The clothing of musician, dancer, and designer Wunmi captures and encourages a vibrant, joyful life.

Made to Move

The clothing of musician, dancer, and designer Wunmi captures and encourages a vibrant, joyful life.
August/September 2019 issue of American Craft magazine
Ibiwunmi Omotayo in studio

Wunmi in her Brooklyn studio where she sews costumes for the stage and works on new designs for her Wow Wow fashion line, produced in partnership with artisans in Nigeria, Lagos, and Togo.

Michael O'Neill

In Grace, a story of the spiritual journey of individuals to the promised land, an angelic figure, the mother goddess, takes center stage in white flowing fabric. Her bandeau top has a chiffon overlay that serves as a kind of shield, even as it reminds us of lingerie. A dozen other dancers, clad in loose white pants made fluid with motion, move opposite earthly opponents clad in fire red.
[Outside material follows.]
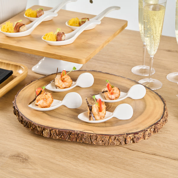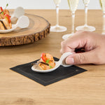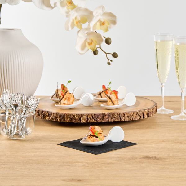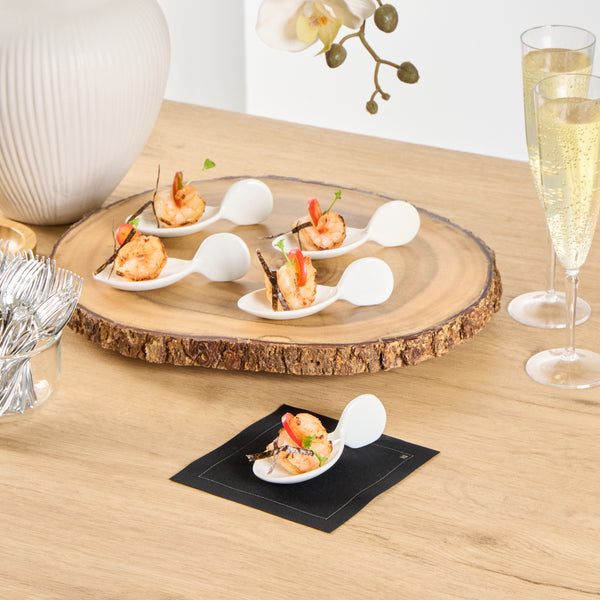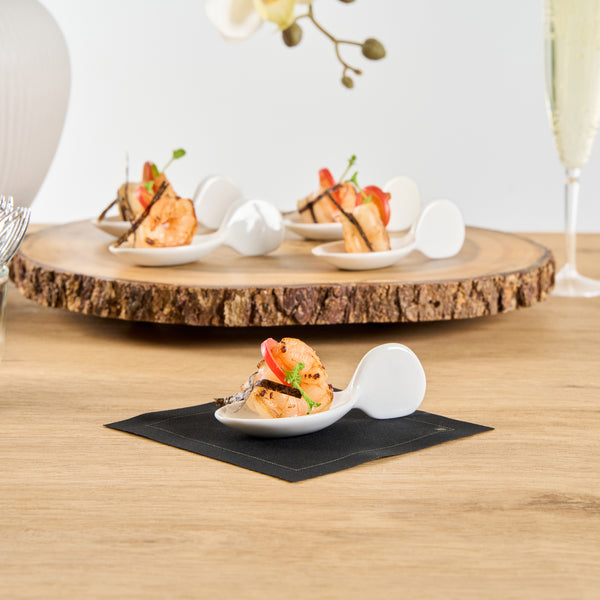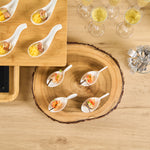Instantly upgrade your presentation with these trendsetting Chef 101 Porcelain Fish Spoons. The sleek edges of these fish-shaped tasting spoons bring simplistic elegance to tapas, hors d'oeuvres, miniature appetizers, and more! Each of these freestanding appetizer spoons is designed with an indented basin that measures 2.5 inches long and is perfect for plating small tasting courses and bite-sized desserts. Constructed from high-quality white porcelain, these appetizer spoons are built to be long-lasting, chip-resistant, and easy to maintain. These fashion-forward amuse bouche spoons measure 4 inches in total length, which includes their easy-to-grip handle. These porcelain tasting spoons are sold in a 10 count box.

Grace is one of the most popular works in the repertory of the Alvin Ailey American Dance Theater. Much of the power of the performance, which was commissioned in 1999, comes from the choreography of Ronald K. Brown, a soundtrack that includes Fela Kuti’s “Shakara” and Duke Ellington’s “Come Sunday,” and the expertise of the dancers. But the costumes are equally potent in telling the story.

The costumes are the work of Ibiwunmi Omotayo Olaiya, better known as Wunmi, a singer, songwriter, performer, and fashion designer. Born in London and raised in Lagos, Nigeria, the 54-year-old, who now lives in Brooklyn, sees dress and style as integral to identity. From an early age, she learned the transformative power of art, be it music, dance, or dress. “My parents were working and living in London, so I grew up with my nan [grandmother] in Lagos, but very much on my own,” she remembers. “I created my own world of pretend, of dress-up. I was dressing my own love and need. This became a way of being.” That ethos – of clothing as a crucial element of sound, of movement, and of life – has remained a constant in her creative career.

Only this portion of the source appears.